Les statistiques ont révélé que 75 à 90% des startups connaissent des défaillances. Par exemple, le fameux livreur de plats à domicile TinyOwl a dû fermer toutes ses boutiques après avoir une somme totale de 120 millions de dollars de capitaux d’investisseurs risque. De même, la startup Bangalore, qui exploitait les nouvelles technologies alimentaires Dazo, vient de s’arrêter en raison de l’impossibilité de mobiliser des fonds. Au Vietnam, le type de startup dans les secteurs non technologiques comme The KAfe est totalement nouveau, et court  de plus grands risques que les autres.

Selon Shikhar Ghosh, professeur à l’École de Commerce de l’Université de Harvard, la première cause des faillites des startup du secteur de l’alimentation est la chute de la qualité, notamment de services, parallèlement à l’apparition d’importants conflits d’intérêt. Pour lui, le cœur du problème est l’instabilité du conseil d’administration.

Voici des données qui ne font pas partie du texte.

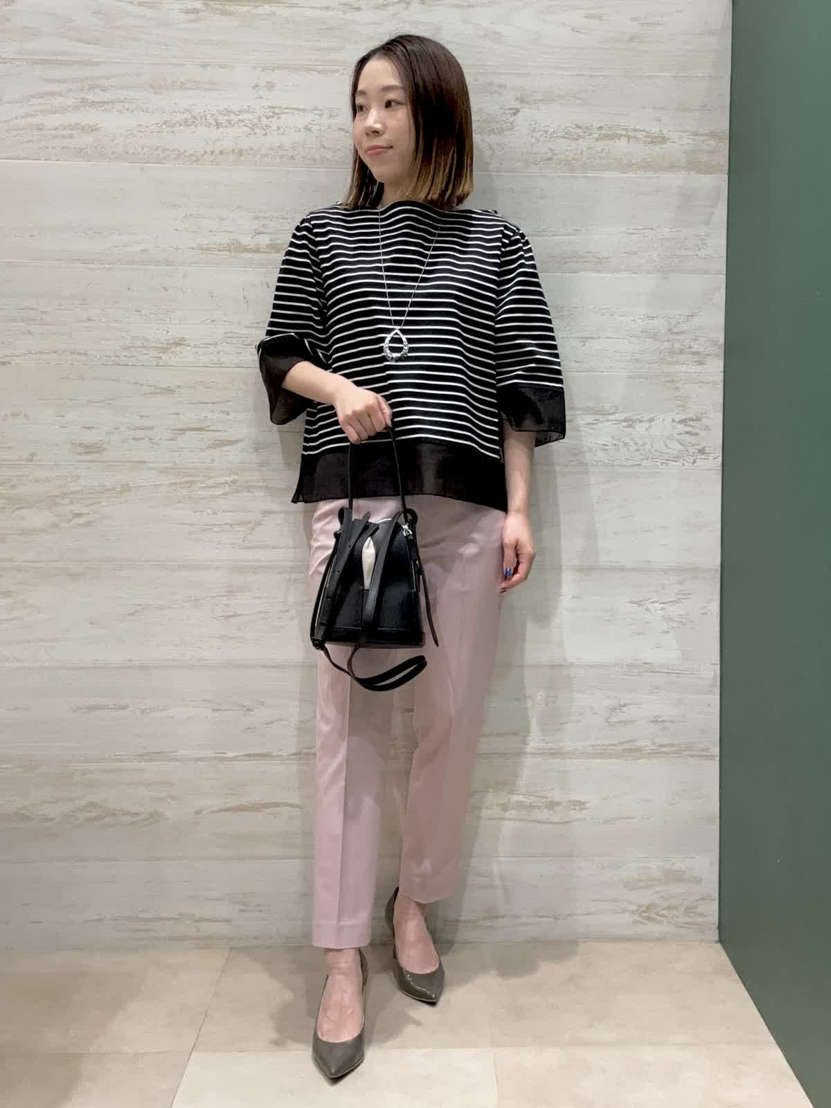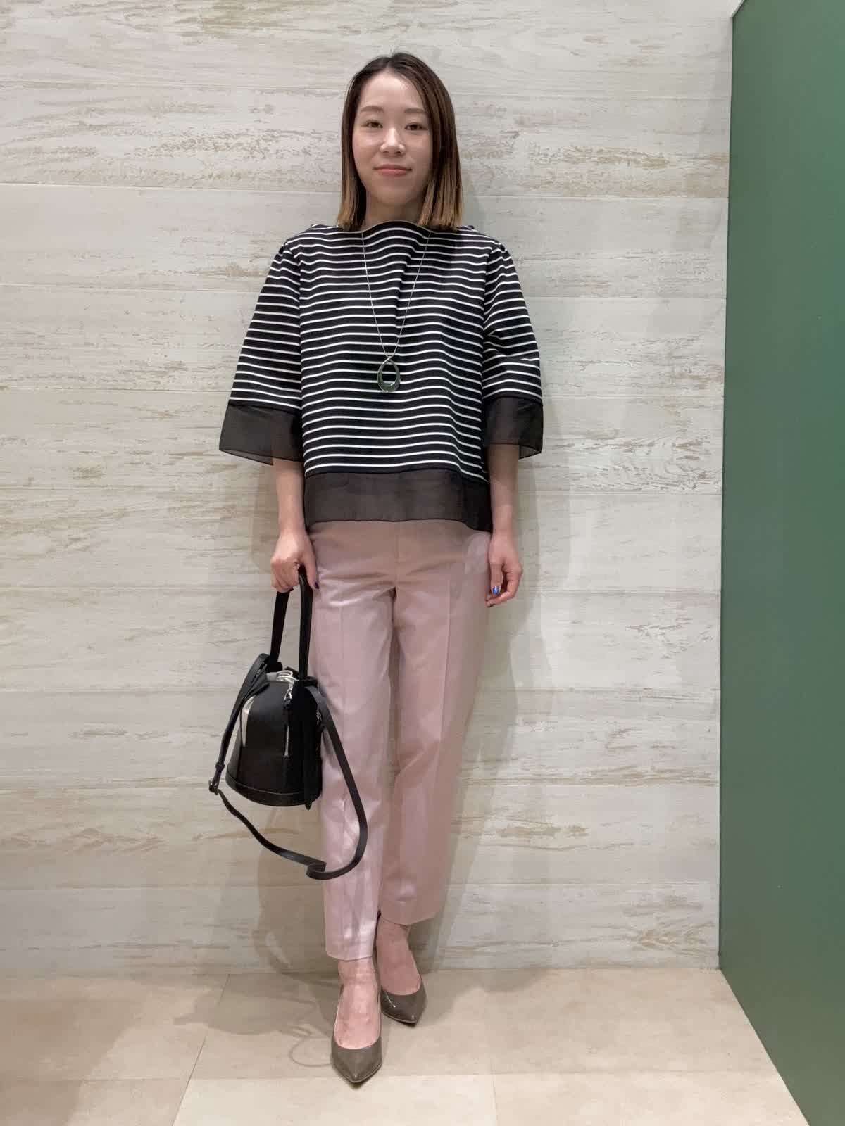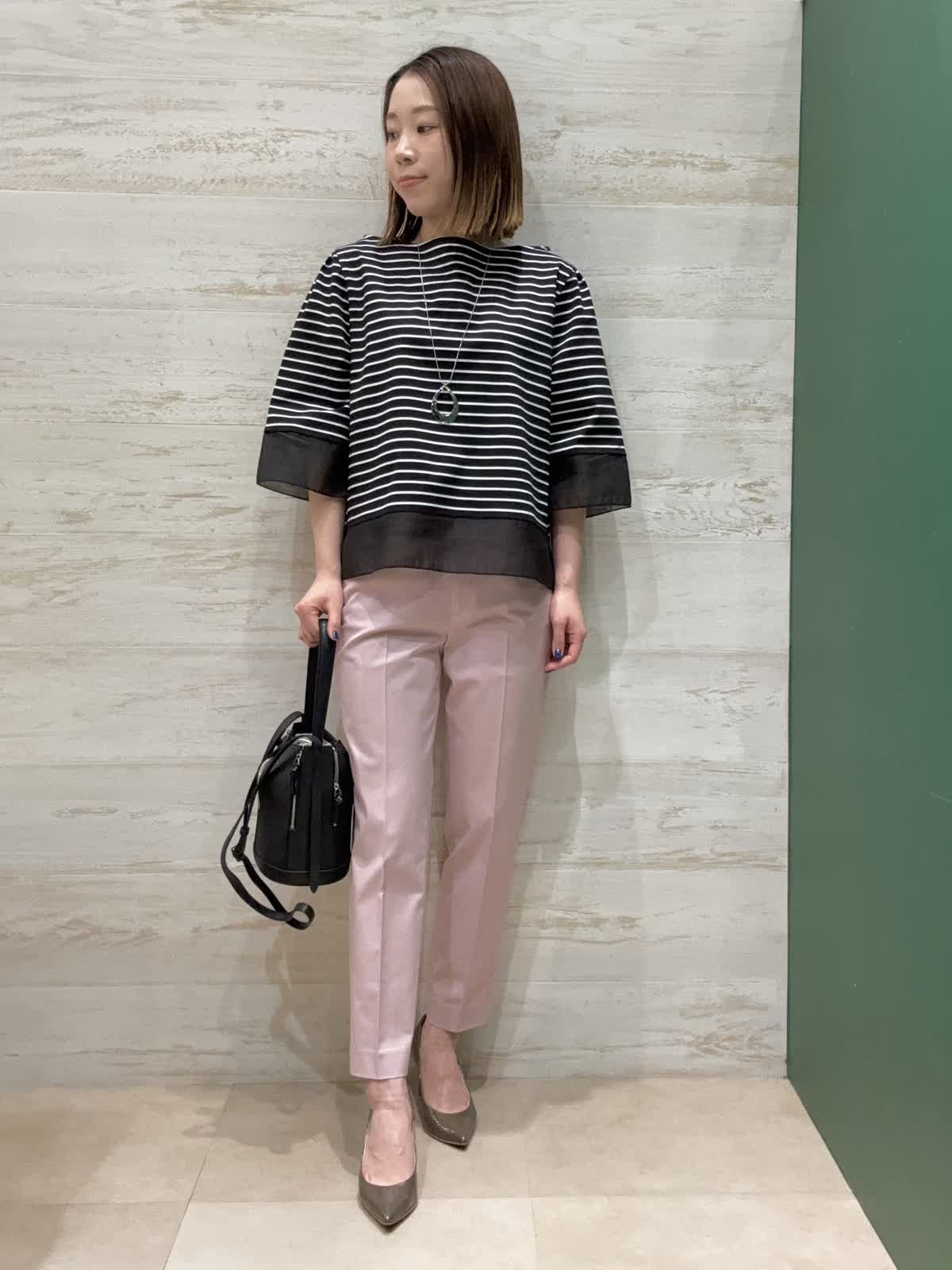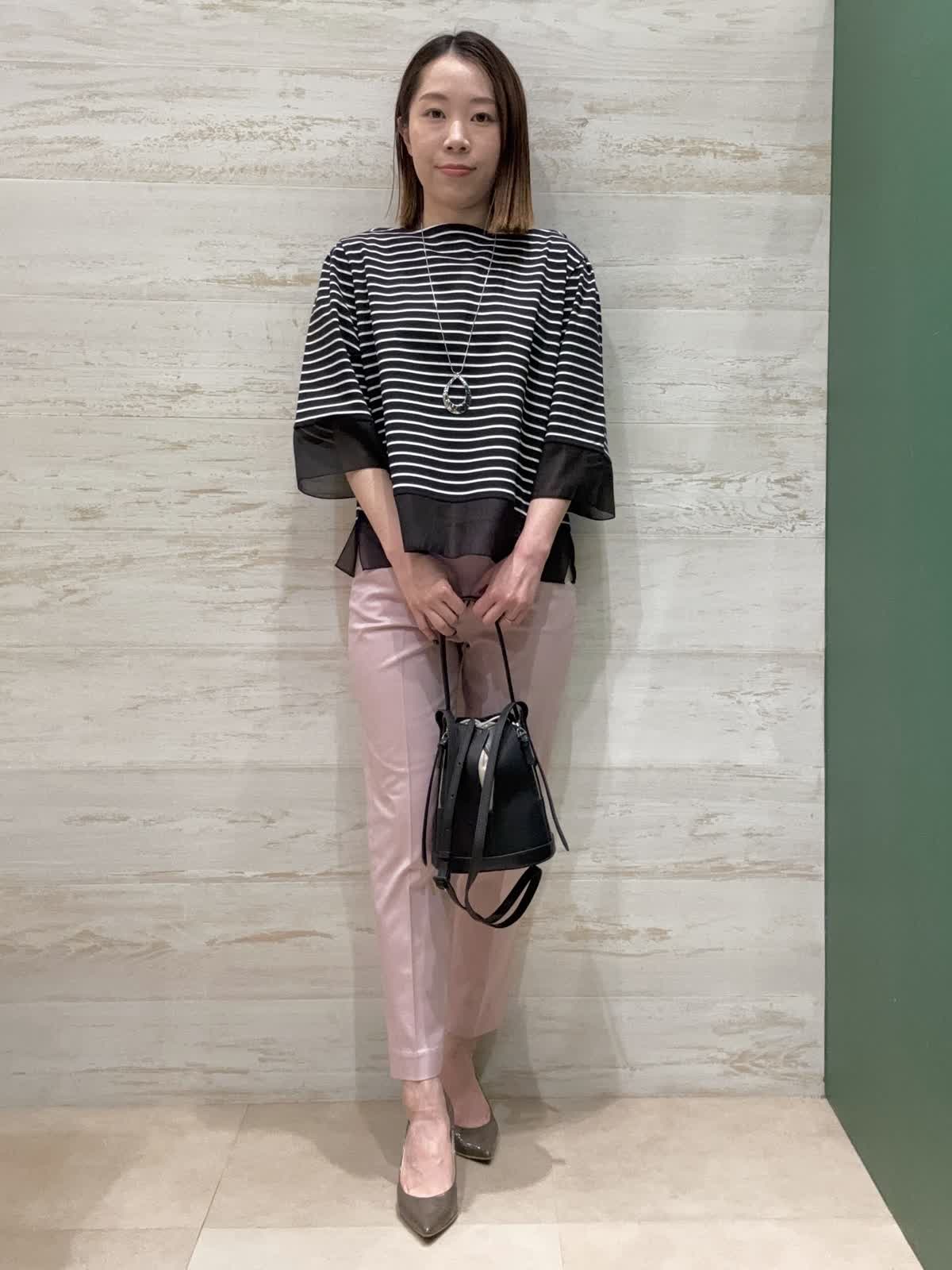 【着用カラー】カットソー:ブラック パンツ:ピンク 【着用サイズ】カットソー:フリー パンツ:7号 袖口と裾にシアー素材の切替が入ってるのが夏らしく軽やかに見せてくれます。二の腕もしっかり隠してくれるので嬉しい袖丈感です。 トップスがクロボーダーなので重くならないようにピンクのテーパードパンツで合わせてみました。

Selon Nguyên Ba Ngoc, gérant de NBN Media, la progression trop rapide de The KAfe a abouti en fait à une course continuelle entre l’appel aux investisseurs et la réalisation des objectifs. Le rythme s’est accéléré jusqu’au moment où la startup n’est plus arrivée à conserver sa solvabilité, aussi la faillite était-elle inévitable.

La fondatrice Dào Chi Anh (gauche) lors de l’émission télévisée +Chào buôi sang+ consacrée aux meilleurs jeunes PDG du Vietnam.
Photo : CTV/CVN

Le magazine Vietnam Finance suppose que les administrateurs de The KAfe étaient trop sûrs d’eux, de sorte qu’ils n’ont pas su voir les limites de la startup, ni les leurs. Il ajoute que les Vietnamiens confondent souvent les deux notions : entreprenariat - fonder une entreprise, même très petite - et startup - entreprise de forte croissance fondée sur une innovation remarquable en termes de concept, de marché, de clients..., aussi ne savent-ils pas forcément maîtriser l’envergure de leur entreprise.

«J’ai eu beaucoup d’idées, mais les investisseurs ont leurs propres logiques et exigences, qui était parfois irréalisable. Je comprends maintenant qu’il faut être plus assertif et entreprenant  lors de chaque négociation avec les investisseurs. Si je pouvais revenir au tout début, je chercherais des investisseurs expérimentés, plutôt que choisir les plus pressés de placer leurs fonds», confie Dào Chi Anh.

Depuis le départ de Dào Chi Anh et de son équipe, la marque The KAfe n’a pas disparu. Ses cafétérias sont toujours ouvertes à Hanoï et à Hô Chi Minh-Ville, mais sous une autre direction. Selon le Registre national des entreprises, son capital social vient d’être multiplié par 15 depuis le départ de Dào Chi Anh, soit 245 milliards de dôngs en octobre, et la chaîne est devenue une société à capitaux étrangers. Une fin lamentable pour l’une des startups les plus réputées du Vietnam.